= Zimbabwe Bird =

National emblem of Zimbabwe

The Zimbabwe Bird

The stone-carved Zimbabwe Bird is the national emblem of Zimbabwe, appearing on the national flags and coats of arms of both Zimbabwe and former Rhodesia, as well as on banknotes and coins (first on the Rhodesian pound and then on the Rhodesian dollar). It probably represents the bateleur eagle (Terathopius ecaudatus) or the African fish eagle (Haliaeetus vocifer). The bird's design is derived from a number of soapstone sculptures found in the ruins of the medieval city of Great Zimbabwe.

It is now the definitive icon of independent Zimbabwe, with archaeologist Edward Matenga listing over 100 organizations which now incorporate the bird in their logo.

==Origins==
The original carved birds are from the ruined city of Great Zimbabwe.

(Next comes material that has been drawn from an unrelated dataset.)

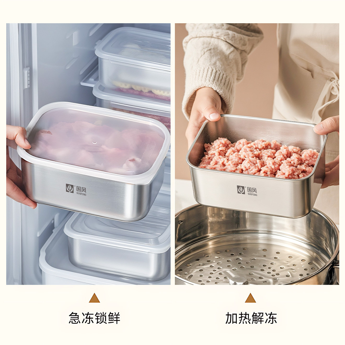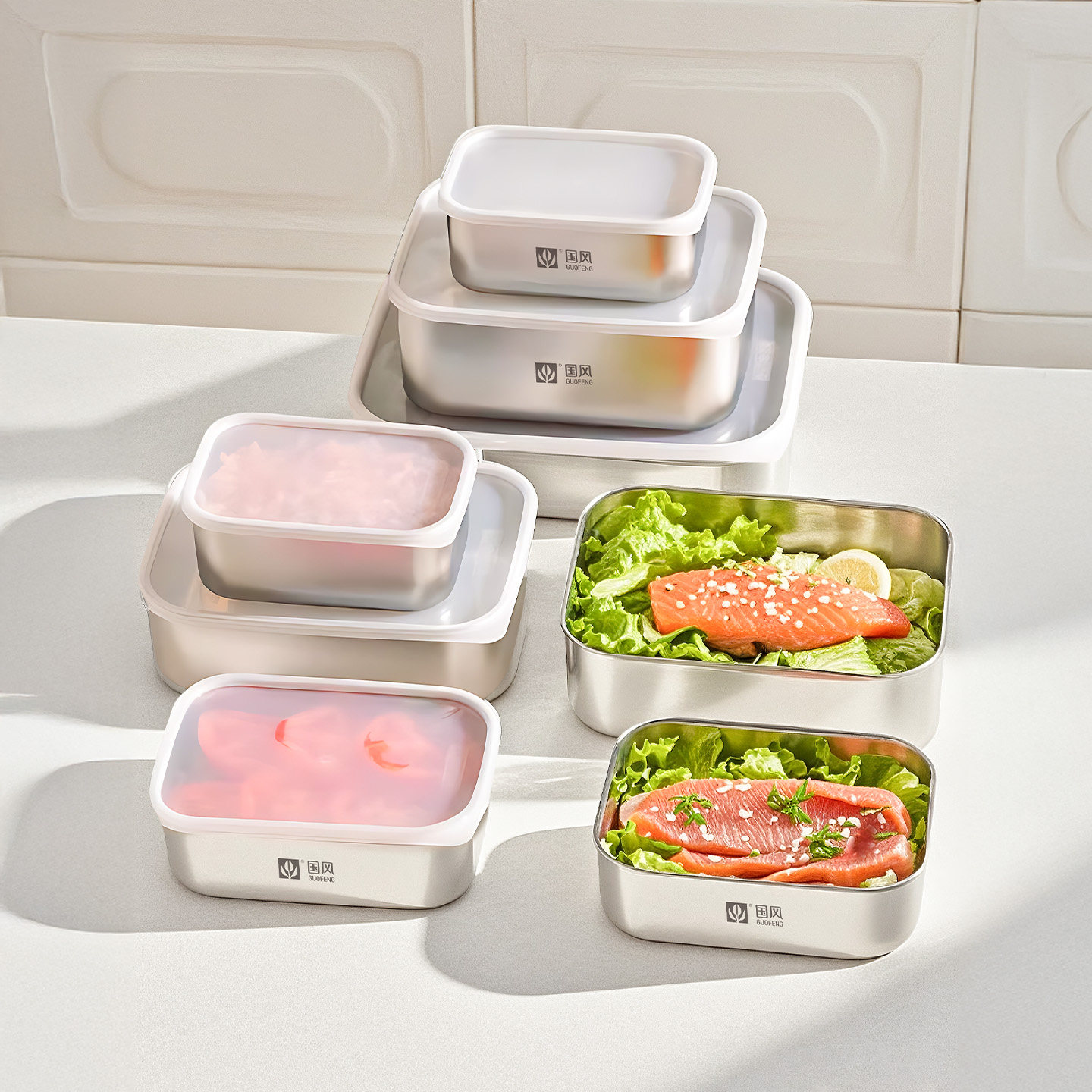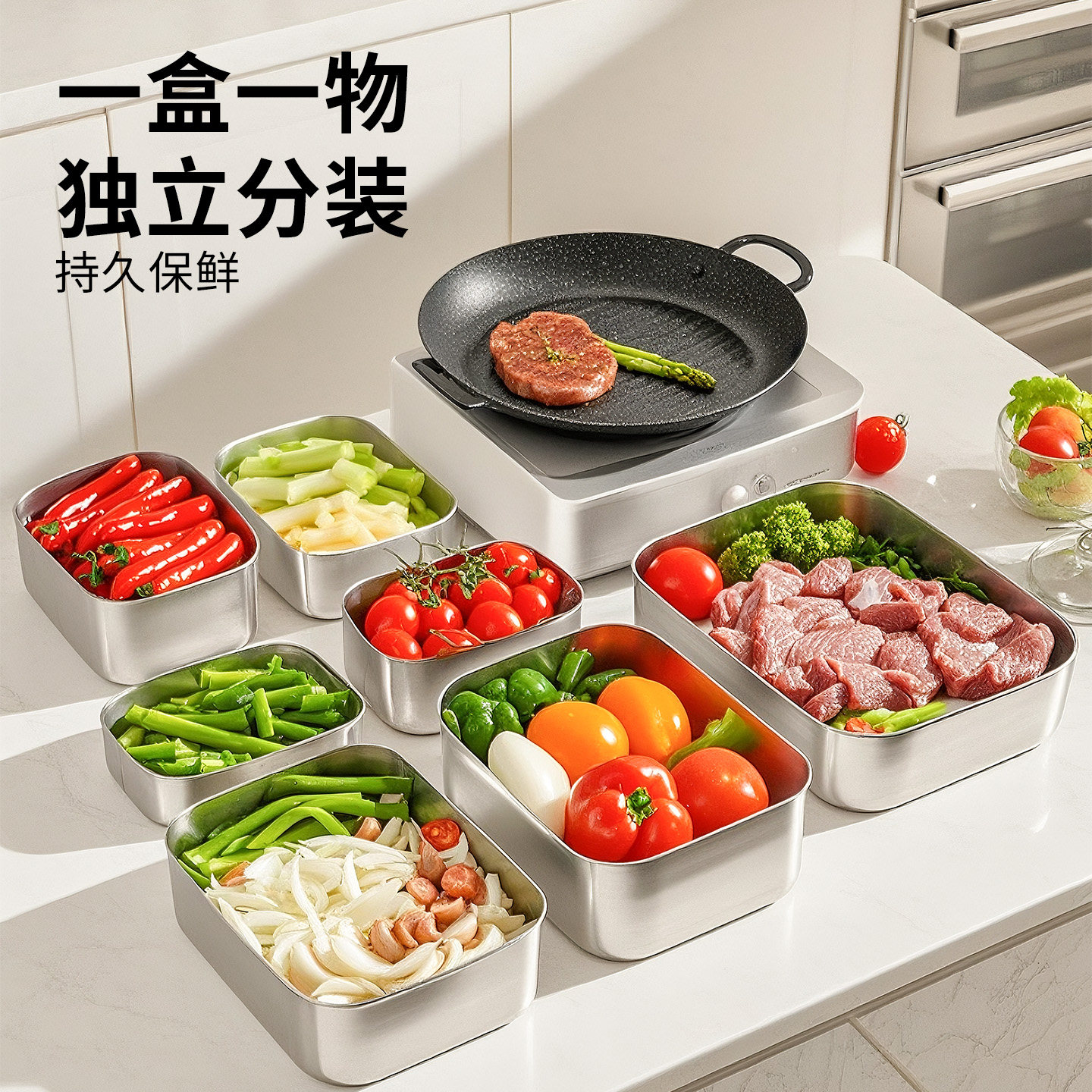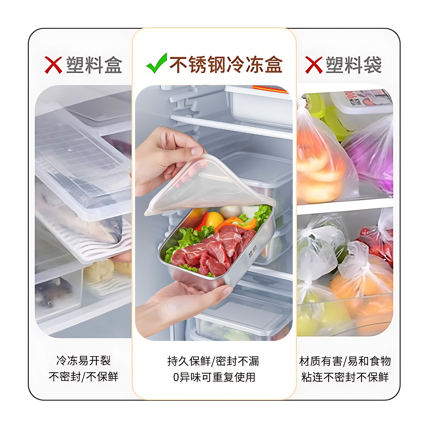 保鲜盒不锈钢食品级冰箱专用家用带盖密封便当盒饭盒收纳冷冻盒子

It was built by the ancestors of the Shona starting in the 11th century and was inhabited for over 300 years. The ruins, after which modern Zimbabwe was named, cover some 730 ha and are the largest ancient stone construction in sub-Saharan Africa. Among its notable elements are the soapstone bird sculptures, about 40 cm tall and standing on columns more than 90 cm tall, which were originally installed on walls and monoliths within the city. They are unique to Great Zimbabwe; nothing like them has been discovered elsewhere.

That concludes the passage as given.